— Миссис Томпсон явно убеждена, что мы должны получать от медового месяца удовольствие в полном объеме.

От Сьюзен не ускользнули саркастические нотки, звучавшие в голосе Бена, но она решила не поддаваться на провокацию.

— Хочешь вина? Я откупорила бутылку. Миссис Томпсон сказала, что ты всегда пьешь вино за ужином.

— Давай, — без особого энтузиазма кивнул Бен.

Сьюзен наполнила бокал и протянула его Бену, отметив при этом, что, принимая бокал, он постарался не коснуться ее пальцев.
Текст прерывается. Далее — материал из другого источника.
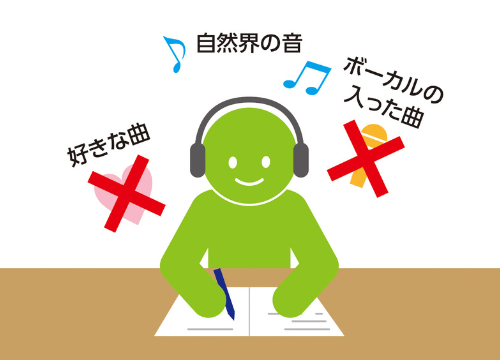 集中したいときは、ボーカルの入った曲は避けましょう。脳の言語中枢は、基本的に一つの作業しかできません。曲の歌詞を言語中枢で認識すると、その分だけ、脳の情報処理がおろそかになります。

Потягивая вино, Бен обошел вокруг стола, внимательно оглядывая элегантную сервировку, белоснежную льняную скатерть и салфетки.

— Мы что-то празднуем?

— Нет. — Сьюзен почувствовала, что ее лицо заливает краска смущения. Она ведь хотела его порадовать. — Тебе не нравится стол?

— Похоже, с ним пришлось изрядно повозиться.
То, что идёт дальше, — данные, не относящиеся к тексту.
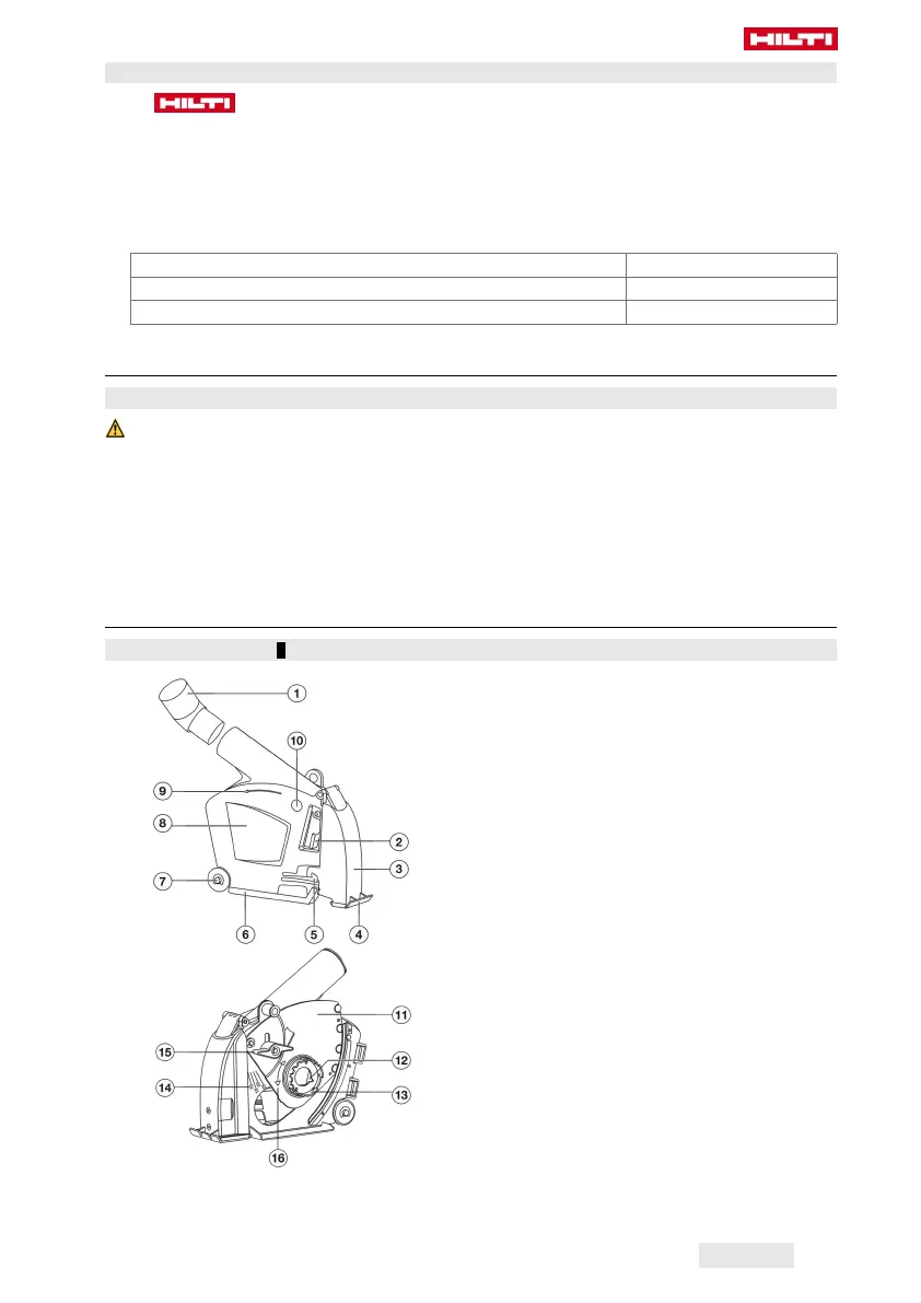 ▶ Tudi kadar je pokrov nameščen, vedno uporabljajte stranski ročaj dovoljenega orodja Hilti.

— Вовсе нет. Дома мы всегда накрывали стол к ужину по полной программе. Со свечами, цветами и свежей скатертью.

— Ах, да, как все богатые и знаменитые.

Сьюзен больно задело это колкое замечание, и она не удержалась:

— Я такая, как есть, и не могу измениться.

— Я тоже. — Бен отпил глоток вина.

— Могу тебя заверить, жизнь единственной дочери богатого человека тоже не сахар.

— Ну конечно. И вообще, быть богатой — это так ужасно.

— Да уж. Меня ужасно баловали. Каждый день ужин со свечами. — Непринужденная улыбка далась Сьюзен с таким трудом, что у нее даже свело челюсть.

— Мы вот не могли себе позволить хрусталя. И свечи были непозволительной роскошью.

Сьюзен уже была напряжена до такой степени, что, казалось, вот-вот взорвется. Рывком наклонившись вперед, она решительно задула только что зажженные свечи.

— Так лучше?

— Тебе было вовсе не обязательно это делать.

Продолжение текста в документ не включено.